### WHAT YOU HAVE TO DO
Select every line containing the word "nombre" from the material, and copy those lines.

### MATERIALS PROVIDED
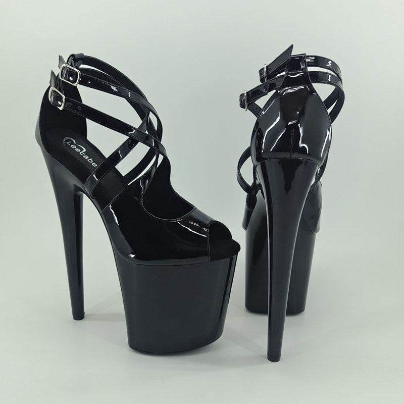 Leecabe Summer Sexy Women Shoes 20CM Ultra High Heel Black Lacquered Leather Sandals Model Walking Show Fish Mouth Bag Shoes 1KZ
==
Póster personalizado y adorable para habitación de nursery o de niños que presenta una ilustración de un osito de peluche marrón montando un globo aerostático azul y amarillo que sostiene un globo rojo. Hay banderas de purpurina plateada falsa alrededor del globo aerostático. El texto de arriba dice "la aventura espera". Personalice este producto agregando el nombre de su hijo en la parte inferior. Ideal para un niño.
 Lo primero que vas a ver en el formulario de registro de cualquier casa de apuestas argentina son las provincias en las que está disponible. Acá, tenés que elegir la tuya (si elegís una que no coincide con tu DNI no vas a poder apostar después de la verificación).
...
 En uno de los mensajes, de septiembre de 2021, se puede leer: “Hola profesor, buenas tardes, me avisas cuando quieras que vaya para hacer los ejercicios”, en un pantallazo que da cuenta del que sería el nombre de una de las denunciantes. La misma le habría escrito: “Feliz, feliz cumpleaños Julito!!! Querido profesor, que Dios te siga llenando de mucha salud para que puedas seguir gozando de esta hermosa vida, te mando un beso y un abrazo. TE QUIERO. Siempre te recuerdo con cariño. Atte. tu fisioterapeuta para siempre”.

### RESPONSE
Póster personalizado y adorable para habitación de nursery o de niños que presenta una ilustración de un osito de peluche marrón montando un globo aerostático azul y amarillo que sostiene un globo rojo. Hay banderas de purpurina plateada falsa alrededor del globo aerostático. El texto de arriba dice "la aventura espera". Personalice este producto agregando el nombre de su hijo en la parte inferior. Ideal para un niño.
 En uno de los mensajes, de septiembre de 2021, se puede leer: “Hola profesor, buenas tardes, me avisas cuando quieras que vaya para hacer los ejercicios”, en un pantallazo que da cuenta del que sería el nombre de una de las denunciantes. La misma le habría escrito: “Feliz, feliz cumpleaños Julito!!! Querido profesor, que Dios te siga llenando de mucha salud para que puedas seguir gozando de esta hermosa vida, te mando un beso y un abrazo. TE QUIERO. Siempre te recuerdo con cariño. Atte. tu fisioterapeuta para siempre”.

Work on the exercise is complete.